Public Finance Alert | September.26.2017
Just in the last weeks of August, the Public Finance Abuse Unit of the Enforcement Division of the Securities and Exchange Commission (SEC) announced settlements of securities fraud actions involving a city, an underwriter, a municipal advisor and four individuals. The first case concerned inaccurate descriptions by a city of its prior compliance with continuing disclosure undertakings. This was the second instance of SEC enforcement following closure of the voluntary reporting program known as the Municipalities Continuing Disclosure Cooperation Initiative (MCDC).[i] The other case was brought against a financial advisory firm for violation of the Dodd-Frank Act obligation that municipal advisors owe a fiduciary duty to their municipal clients. This is one of the first cases to explore the meaning of fiduciary duty for municipal advisors.[ii]
I. Beaumont, CA Finance Authority and O’Connor & Company Securities, Inc. and Anthony Michael Wetherbee (August 23, 2017)

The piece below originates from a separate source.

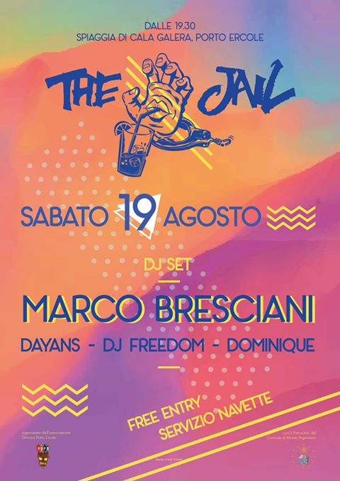 Tutti a ballare dalle ore 19.30 alle 4,00 sulla spiaggia di Cala Galera, sabato 19 agosto 2017. Torna infatti The Jail, l’evento che nel cuore dell’estate trasforma la spiaggia del porto turistico più celebre del Promontorio in una sorta di discoteca sotto le stelle. Il beach party più atteso della stagione è organizzato dal Gipe, Gruppo Giovani Porto Ercole che radunerà sulla spiaggia di Cala Galera i dj Marco Bresciani, Dayans b2b, Aby Merlan, dj Freedom e Dominique per mixare i successi che hanno fatto scatenare i ragazzi nei decenni passati, oltre a quelli del momento. A The Jail 2017 potranno partecipare tutti, anche perché ad ingresso gratuito e servito da una navetta che accompagnerà all’Argentario dai centri limitrofi, compreso Grosseto.

Beaumont, CA (a small city between Los Angeles and Palm Springs) created a joint powers authority (the Beaumont Financing Authority, or BFA) to issue bonds on behalf of a Community Facilities District (CFD) to fund infrastructure for housing developments. The CFD signed numerous Continuing Disclosure Agreements (CDAs) in connection with the BFA’s bonds requiring annual reports on many aspects of the developments such as tax delinquencies, description of facilities financed, fund balances, etc. During a period from 1995 to 2015, Alan Kapanicas was Beaumont’s City Manager and Executive Director of the BFA, and was responsible for overseeing all of the bond issuances and CDA reporting.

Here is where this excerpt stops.